Other Sacramento Submarkets
Natomas changed its course in Q3, recording 161,000 SF of net absorption, after posting four consecutive quarters in the negative. Positive absorption was attributed to a handful of small and mid-sized tenants taking occupancy in the quarter; the largest block of space being Oakland Packaging’s 64,000 SF warehouse at 4040 Vista Park Ct. Vacancy in the Natomas submarket fell 140 BPS to 9.6%.
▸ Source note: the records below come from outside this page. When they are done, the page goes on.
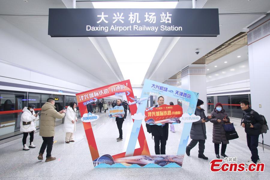 A railway connecting Tianjin with Beijing Daxing International Airport opened on Monday. The line covers six stations, and a 47-km section is new, with a designed speed of 250 km per hour.
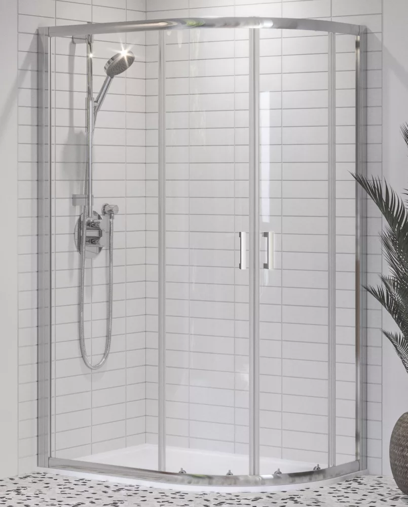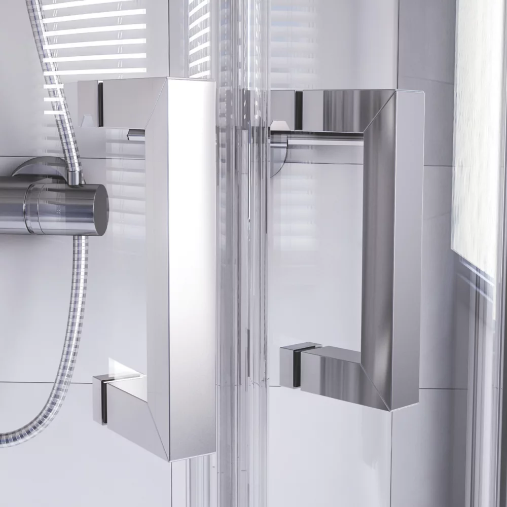 Stylish aluminium frame with toughened safety glass. Features quick-release rollers and an Aquagleam anti-limescale glass coating. Gel magnet closing provides silent closing of the doors.
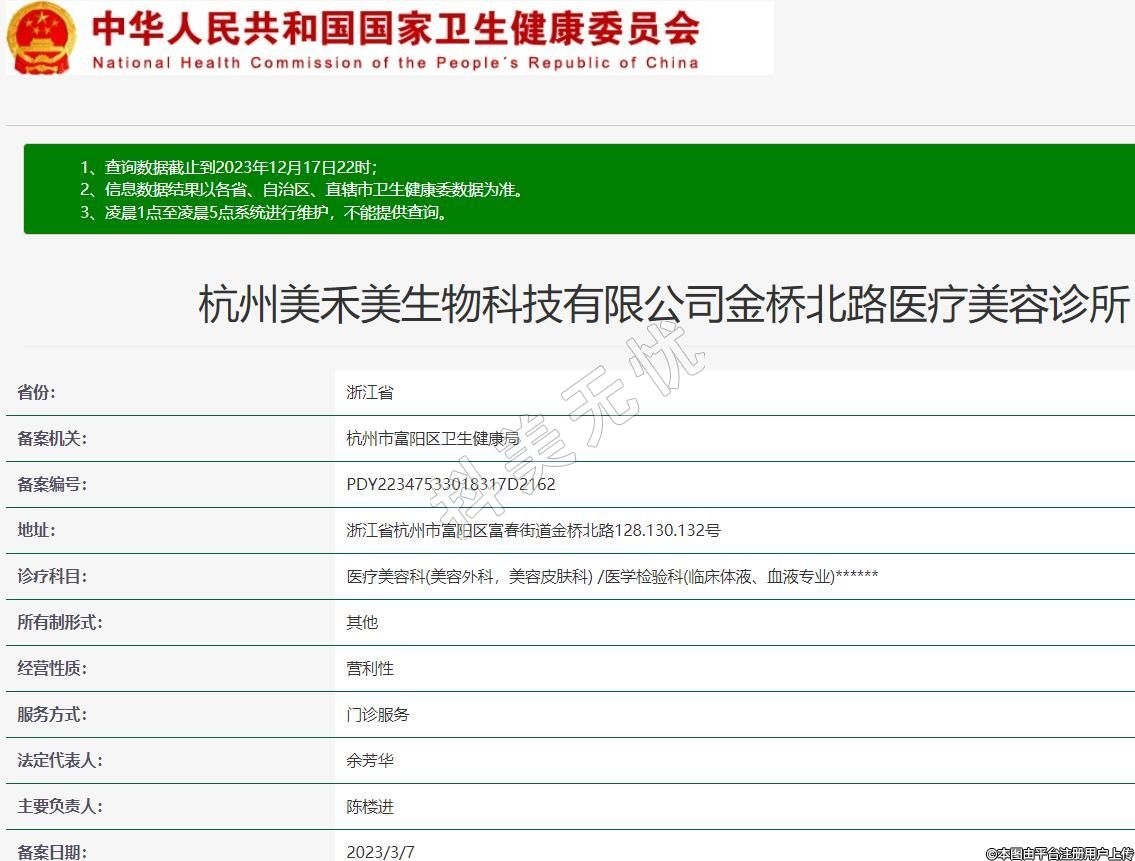 杭州美禾美生物科技有限公司金橋北路醫(yī)療美容診所
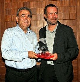 ödülünü Başkan Aziz Kocaoğlu verirken, ikinci olan Hakkı Can Özkan-Dilek Derman,
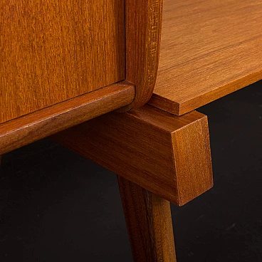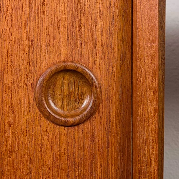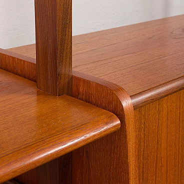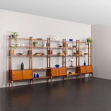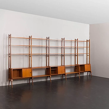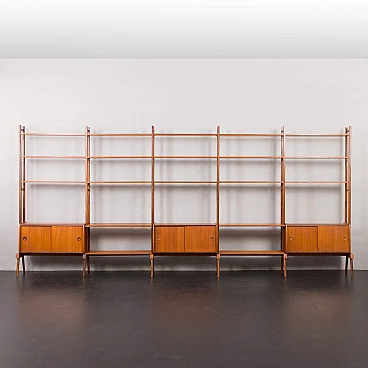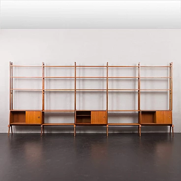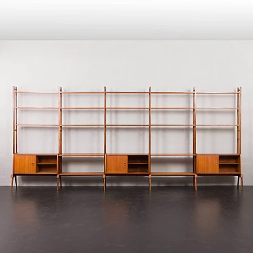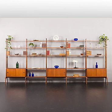 Libreria norvegese in teak a cinque campate, anni '60. Sistema di scaffalature modulare dotato di tre armadietti e diciannove mensole. Fornisce notevole spazio per riporre ed esporre libri e oggetti decorativi vari. Mostra l'essenza del design moderno scandinavo della metà del secolo. I bordi leggermente curvi danno un'impressione calda e i montanti scultorei sono una dichiarazione elegante e di grande impatto. Questa libreria è impiallacciata in teak con dettagli in legno massello come montanti e maniglie circolari. Si adatta perfettamente a un soggiorno o a un ufficio. I supporti verticali e le gambe affusolate e scultoree creano linee geometriche, sottolineando l'origine scandinava. I tre mobiletti con ante scorrevoli sono alti 41 cm, larghi 88 cm e profondi 30 cm. Due mensole sono profonde 30 cm, due 32,5 cm, le altre quindici 20 cm. I cinque montanti sono lunghi 206 cm. È stata interamente restaurata. È un pezzo bello e funzionale in condizioni fantastiche, quasi senza tracce di utilizzo. È autoportante ma consigliamo vivamente di montarlo a parete.

The Woodland submarket saw the largest occupancy loss in the region at 385,000 SF, which drove up vacancy into double digits: from 8.1% to 10.7%. Vacancy is now significantly higher than the recent 6.1% low recorded at the beginning of the year. West Sacramento also experienced a notable occupancy loss, finishing the quarter at negative 179,000 SF. This increased the vacancy rate from 4.7% to 5.8%.
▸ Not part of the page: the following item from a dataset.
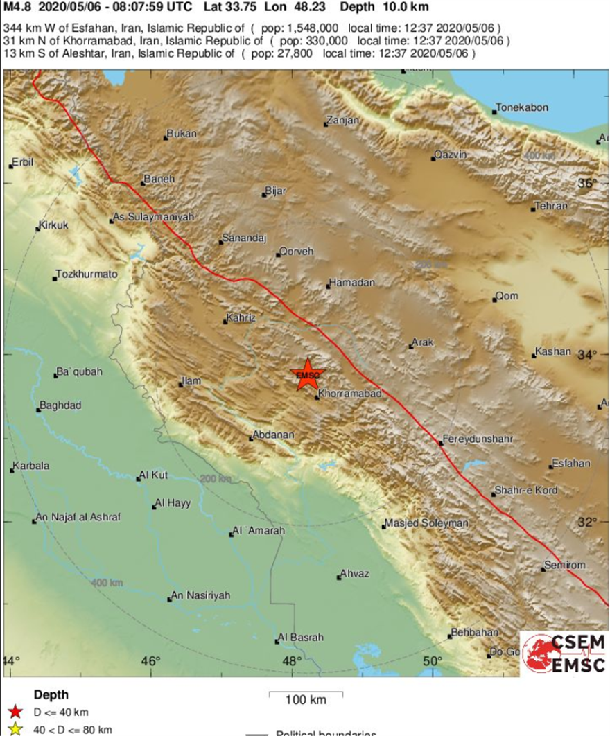 Ο σεισμός, όπως τον κατέγραψαν οι σεισμογράφοι, σημειώθηκε μόλις 13 χιλιόμετρα από την περιοχή Aleshtar.

Looking Ahead: Continued Growth
Cushman & Wakefield Sacramento tracked 16 investment sales totaling 850,000 SF, with a total consideration of over $40 M. Investment sales volume was constricted on the supply side as there is a dearth of quality product for sale. Most of the sales involved small to mid-size properties, while three properties were larger than 100,000 SF. User sales activity was sparse. We tracked six user sales totaling 250,000 SF with a total consideration of over $7 M. Four of the six sales were less than 50,000 SF in size.

Construction activity has mainly consisted of speculative warehouse product. There were two properties delivered in Q3, both 100% pre-leased, totaling nearly 695,000 SF. El & El Wood occupied one of the buildings, totaling 220,000 SF, Nor-Val Beverage occupied the other.

A total of 965,000 SF has been added to the inventory in 2015, with only 155,000 SF remaining vacant. Looking ahead, we expect continued growth in occupancy in the near term, coupled with tempered rent increases. Vacancy is anticipated to drop to the 9% range by year’s end.